(Stored data)

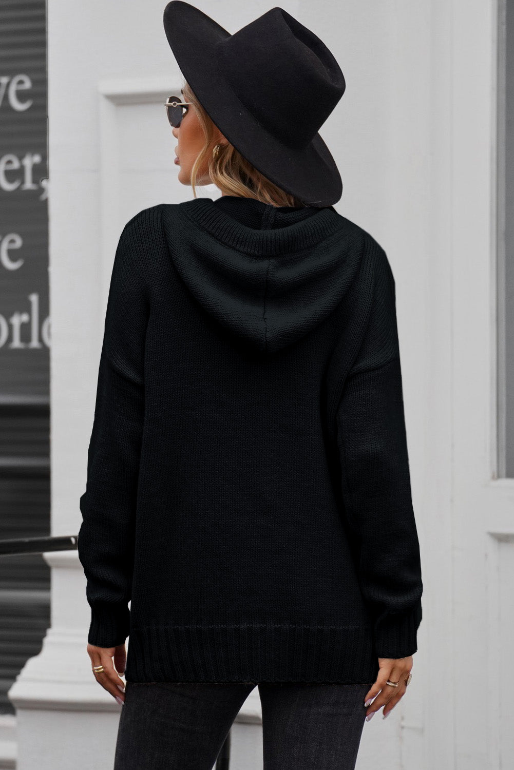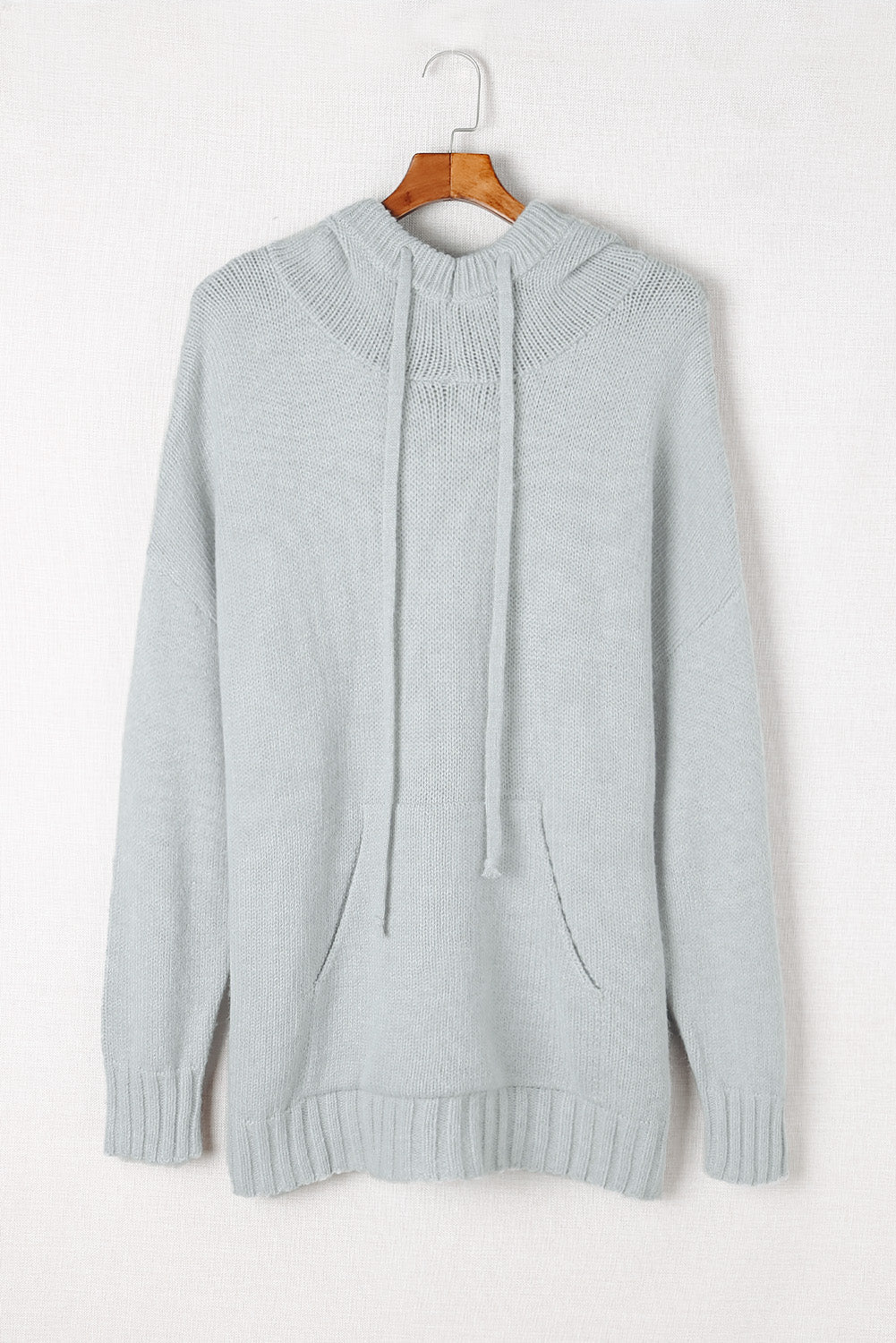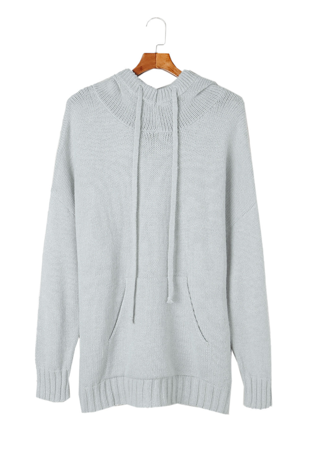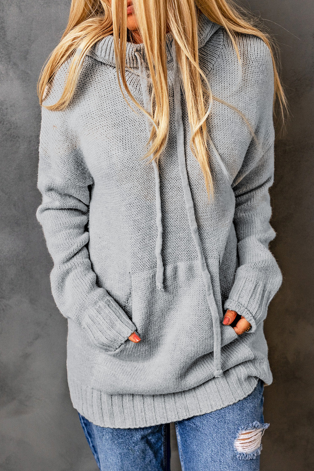 Gray Kangaroo Pocket Cowl Neck Knitted Sweater
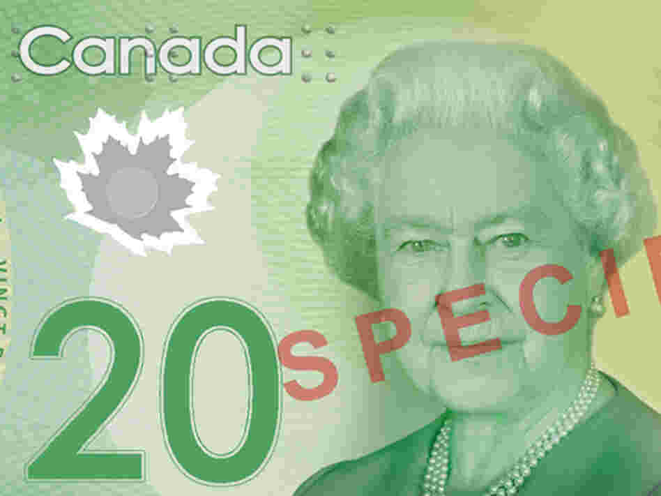 Bank of CanadaA hubbub's been building up north for the past week or so about the maple leaf on Canada's new $20 bills.
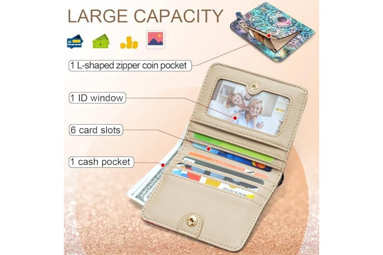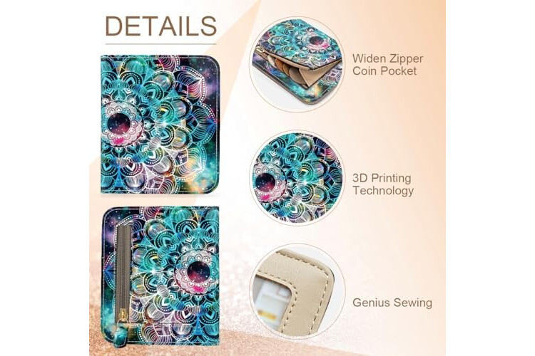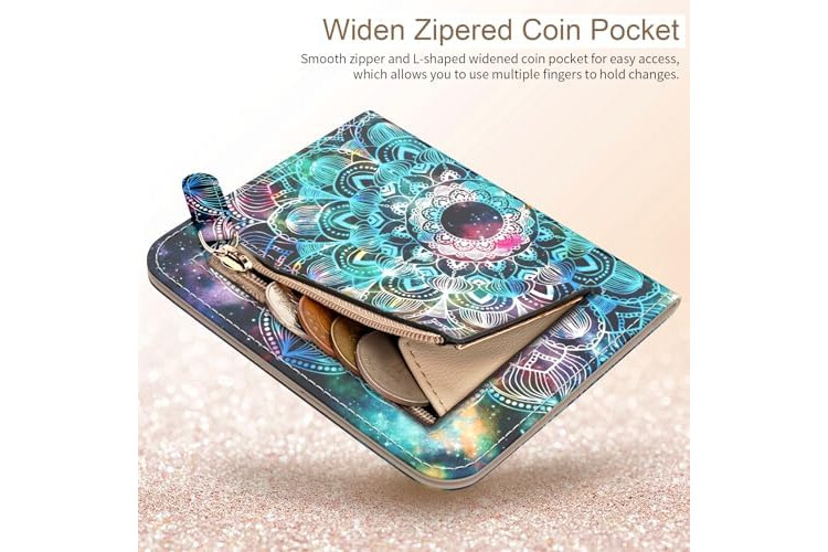 APHISON Purses for Women Small Wallet with Zipper RFID Blocking Slim Vegan Leather Wallet Bifold Card Holder Coin Pocket Ladies Purse with ID Window Mandala
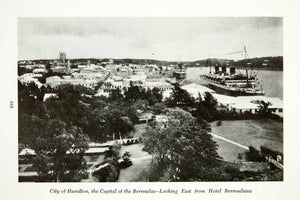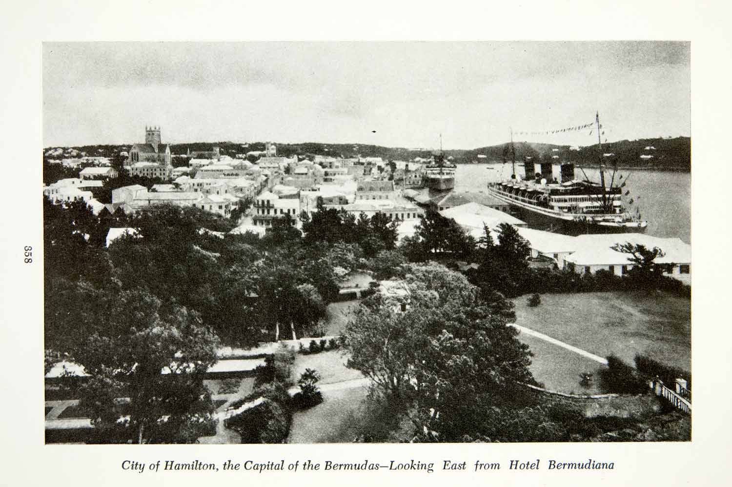 This is an original 1947 black and white halftone print of the city of Hamilton in Bermuda, as viewed from the Hotel Bermudiana.
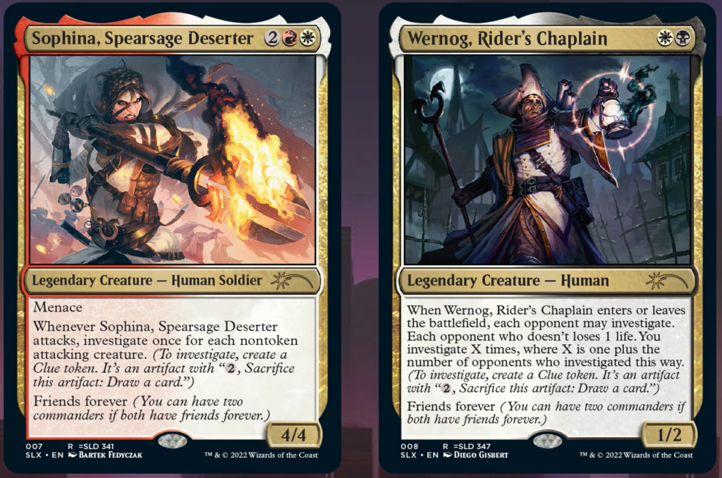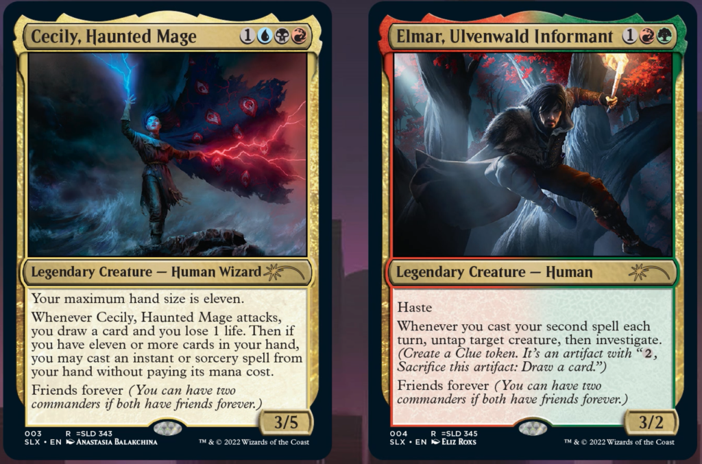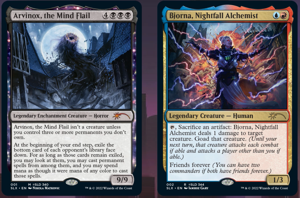 In each Commander deck, there will be a brand new “Collector Booster Sample Pack”. This is a 2 card pack that contains a Foil Common / uncommon, and a Rare or Mythic in either foil or non foil, but with a fancy treatment. This is to give players a little taste of collector boosters and some of the cool variants of cards you can get from them.
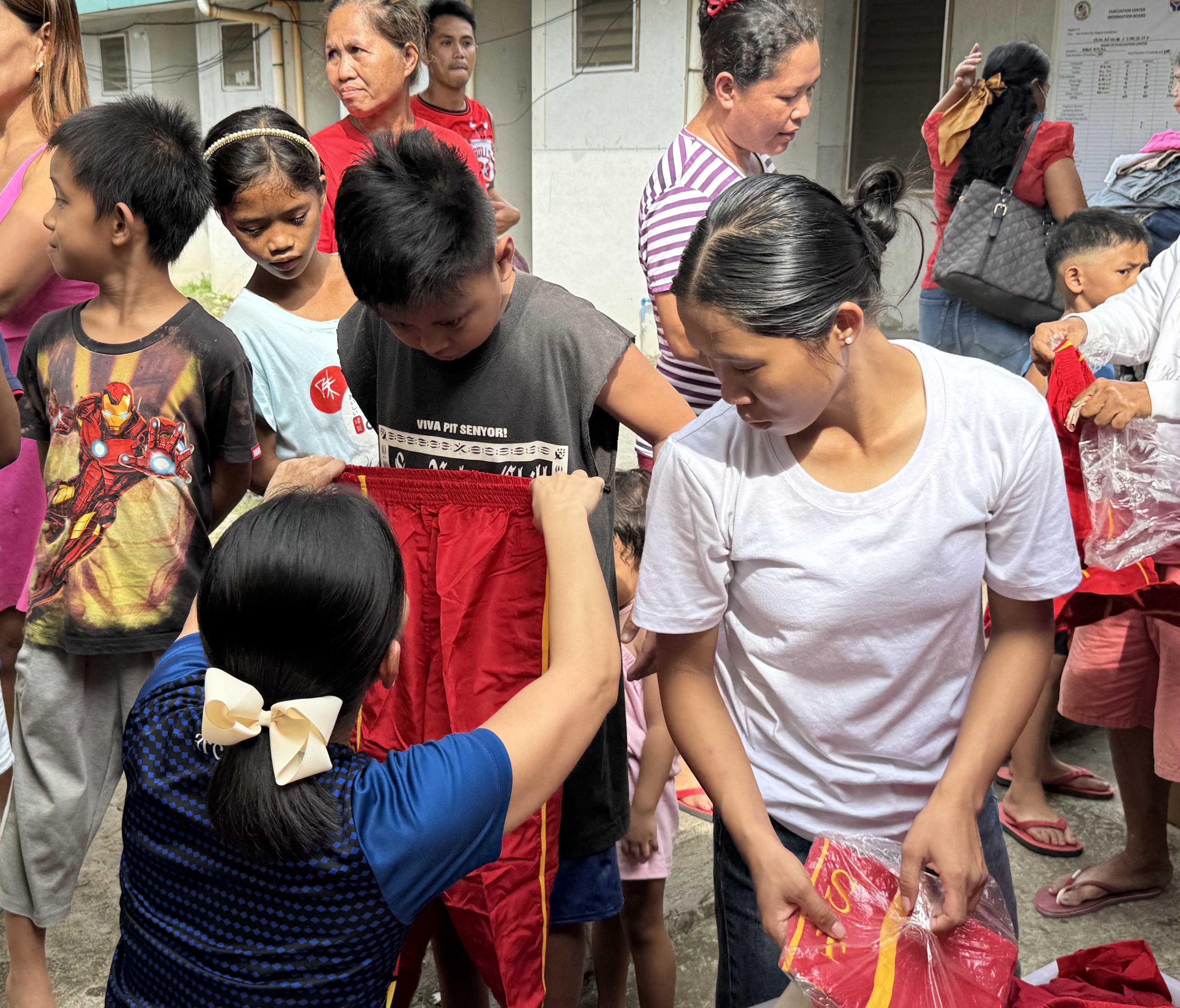Beneficiaries received rice, canned goods, hygiene kits, powdered milk and the children received brand new CST-R jogging pants.

Your task —
What is needed is an exact reprint of every entry, pictures excluded.

Solution —
 Gray Kangaroo Pocket Cowl Neck Knitted Sweater
 Bank of CanadaA hubbub's been building up north for the past week or so about the maple leaf on Canada's new $20 bills.
 APHISON Purses for Women Small Wallet with Zipper RFID Blocking Slim Vegan Leather Wallet Bifold Card Holder Coin Pocket Ladies Purse with ID Window Mandala
 This is an original 1947 black and white halftone print of the city of Hamilton in Bermuda, as viewed from the Hotel Bermudiana.
 In each Commander deck, there will be a brand new “Collector Booster Sample Pack”. This is a 2 card pack that contains a Foil Common / uncommon, and a Rare or Mythic in either foil or non foil, but with a fancy treatment. This is to give players a little taste of collector boosters and some of the cool variants of cards you can get from them.
Beneficiaries received rice, canned goods, hygiene kits, powdered milk and the children received brand new CST-R jogging pants.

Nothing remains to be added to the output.